如何在MySQL的左联接中获得相关行的计数？

Question

I have two tables, a vehicle table with columns:

• id
• stock
• year
• make
• model

and an images table with columns:

• id
• vehicle_id
• name
• caption
• default tinyint(1)

I am trying to list the vehicle's information, its default image, and a total count of images the vehicle has. Currently I am using the following SELECT statement:

SELECT vehicle.id, vehicle.stock, vehicle.year,
    vehicle.make, vehicle.model, images.name,
    COUNT(images.id)
FROM vehicle
LEFT JOIN images
ON vehicle.id = images.vehicle_id

I initially was using:

ON vehicle.id = images.vehicle_id AND images.default = 1

but then the images count would only be 1 or 0 depending if there was a default image in the database. I have tried using UNION and other SELECT statements but I am still unable to get a proper result. Do I need to use two SELECT statements or is there another way to handle it with JOIN or UNION ?

Answer 1

SELECT 
    `vehicle`.`id`, 
    `vehicle`.`stock`, 
    `vehicle`.`year`, 
    `vehicle`.`make`, 
    `vehicle`.`model`, 
    `images`.`name`,
    (
        SELECT COUNT(*) 
        FROM `images` 
        WHERE `vehicle_id` = `vehicle`.`id`
    ) AS `image_count`
FROM `vehicle`
LEFT JOIN `images`
ON `images`.`vehicle_id` = `vehicle`.`id`
WHERE `images`.`default`

Answer 2

In the way the anser suggests, you get repeated values of "vehicle". A better way, is to group results. Try without the JOIN :

SELECT 
    `vehicle`.`id`, 
    `vehicle`.`stock`, 
    `vehicle`.`year`, 
    `vehicle`.`make`, 
    `vehicle`.`model`, 
    `images`.`name`,
    (
        SELECT COUNT(*) 
        FROM `images` 
        WHERE `vehicle_id` = `vehicle`.`id`
    ) AS `image_count`
FROM `vehicle`

WHERE `images`.`default`

Answer 3

Let me make it clear for everyone!

Task : Print 3 columns table:

1. Vehicles (titles) from vehicles table.
2. Amount of comments for each vehicle from comments table.
3. Amount of images for each vehicle from images table.
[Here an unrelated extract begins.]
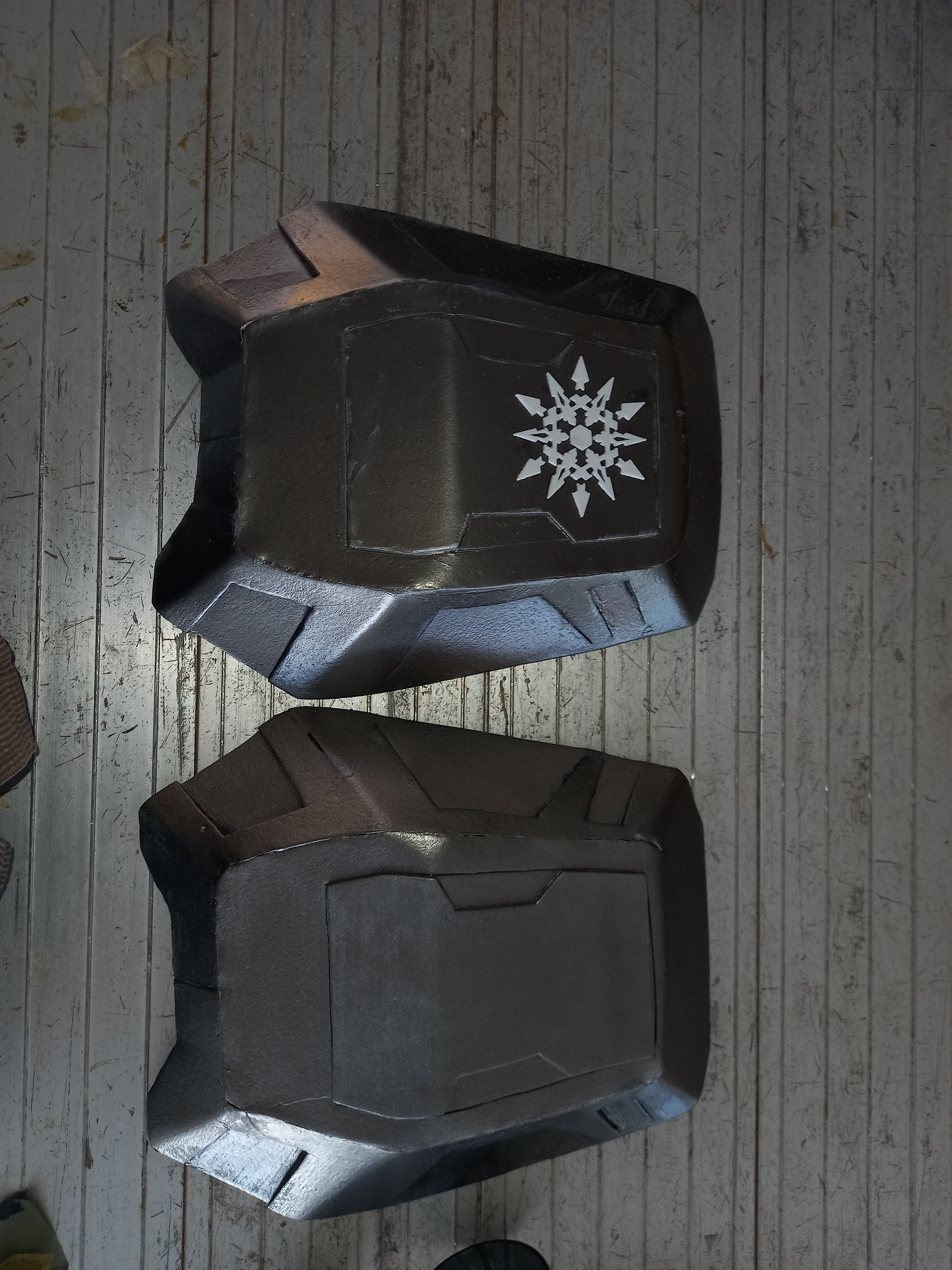 Here are the Shins, as you can see they are not that great when it comes to quality, i started this project way back in late 2018 when i was still a noob when it comes to foamsmithing, I have scrapped and rebuilt many of the armour components including the forearms, thighs, Chestplate, biceps, shoulders boots and the shins. The shins are the only part of the old prototype to still be a part of my current set. I used to use hot glue back then but as all my fellow Aussies will know, hot glue melts in the sun sometimes causing high stress points to come apart.

Expected output (just an example) :

+----------------------+----------------+--------------+
|        title         | comments_count | images_count |
+----------------------+----------------+--------------+
| BMW X6               |             35 |            9 |
| Audi A6              |              3 |            5 |
| Volkswagen Passat B6 |             78 |            6 |
| Volkswagen Passat B5 |            129 |            4 |
+----------------------+----------------+--------------+

Solution :

SELECT 
    vehicles.title,
    (SELECT COUNT(*) FROM comments WHERE vehicles.id = comments.vehicle_id) AS comments_count,
    (SELECT COUNT(*) FROM images WHERE vehicles.id = images.vehicle_id) AS images_count
FROM vehicles